YOUR ASSIGNMENT -
Copy the data exactly. Images are to be left out.

THE DATA -
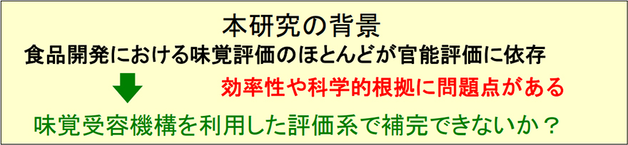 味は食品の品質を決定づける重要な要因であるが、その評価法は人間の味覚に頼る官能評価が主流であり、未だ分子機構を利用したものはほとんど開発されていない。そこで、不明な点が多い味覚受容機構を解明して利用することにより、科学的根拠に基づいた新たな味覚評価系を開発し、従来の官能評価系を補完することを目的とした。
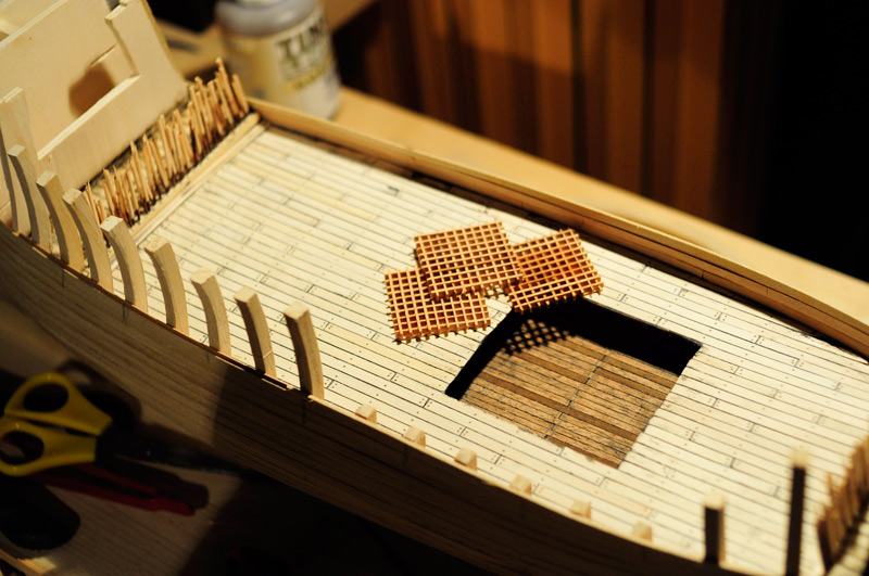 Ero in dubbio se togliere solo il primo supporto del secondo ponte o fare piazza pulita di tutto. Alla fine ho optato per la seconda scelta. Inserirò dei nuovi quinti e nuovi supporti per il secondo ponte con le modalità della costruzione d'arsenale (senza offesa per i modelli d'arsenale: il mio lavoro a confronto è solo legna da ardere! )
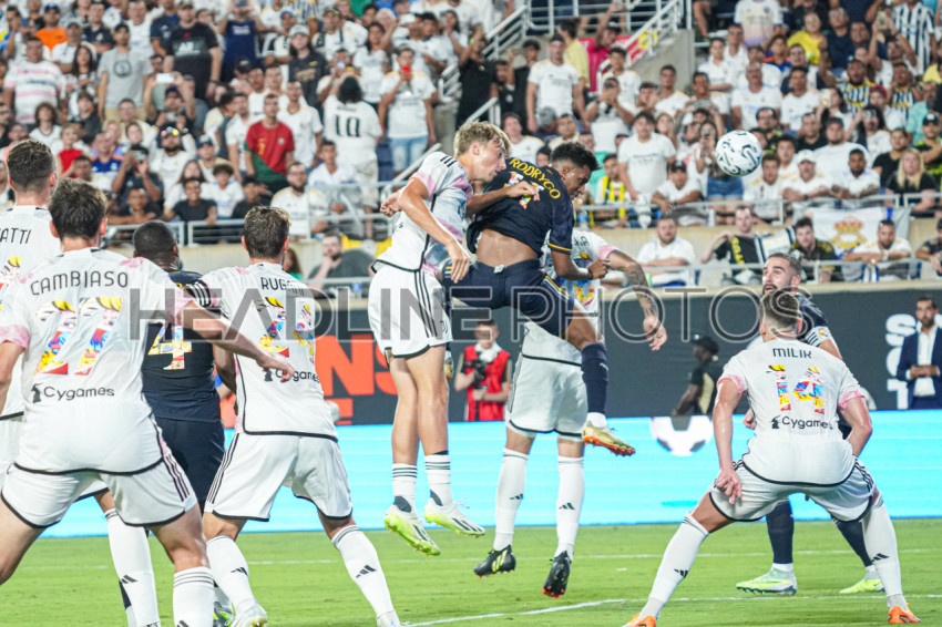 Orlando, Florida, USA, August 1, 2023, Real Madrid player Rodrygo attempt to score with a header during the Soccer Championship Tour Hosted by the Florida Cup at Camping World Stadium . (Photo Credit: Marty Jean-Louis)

ANSWER BOX -
 味は食品の品質を決定づける重要な要因であるが、その評価法は人間の味覚に頼る官能評価が主流であり、未だ分子機構を利用したものはほとんど開発されていない。そこで、不明な点が多い味覚受容機構を解明して利用することにより、科学的根拠に基づいた新たな味覚評価系を開発し、従来の官能評価系を補完することを目的とした。
 Ero in dubbio se togliere solo il primo supporto del secondo ponte o fare piazza pulita di tutto. Alla fine ho optato per la seconda scelta. Inserirò dei nuovi quinti e nuovi supporti per il secondo ponte con le modalità della costruzione d'arsenale (senza offesa per i modelli d'arsenale: il mio lavoro a confronto è solo legna da ardere! )
 Orlando, Florida, USA, August 1, 2023, Real Madrid player Rodrygo attempt to score with a header during the Soccer Championship Tour Hosted by the Florida Cup at Camping World Stadium . (Photo Credit: Marty Jean-Louis)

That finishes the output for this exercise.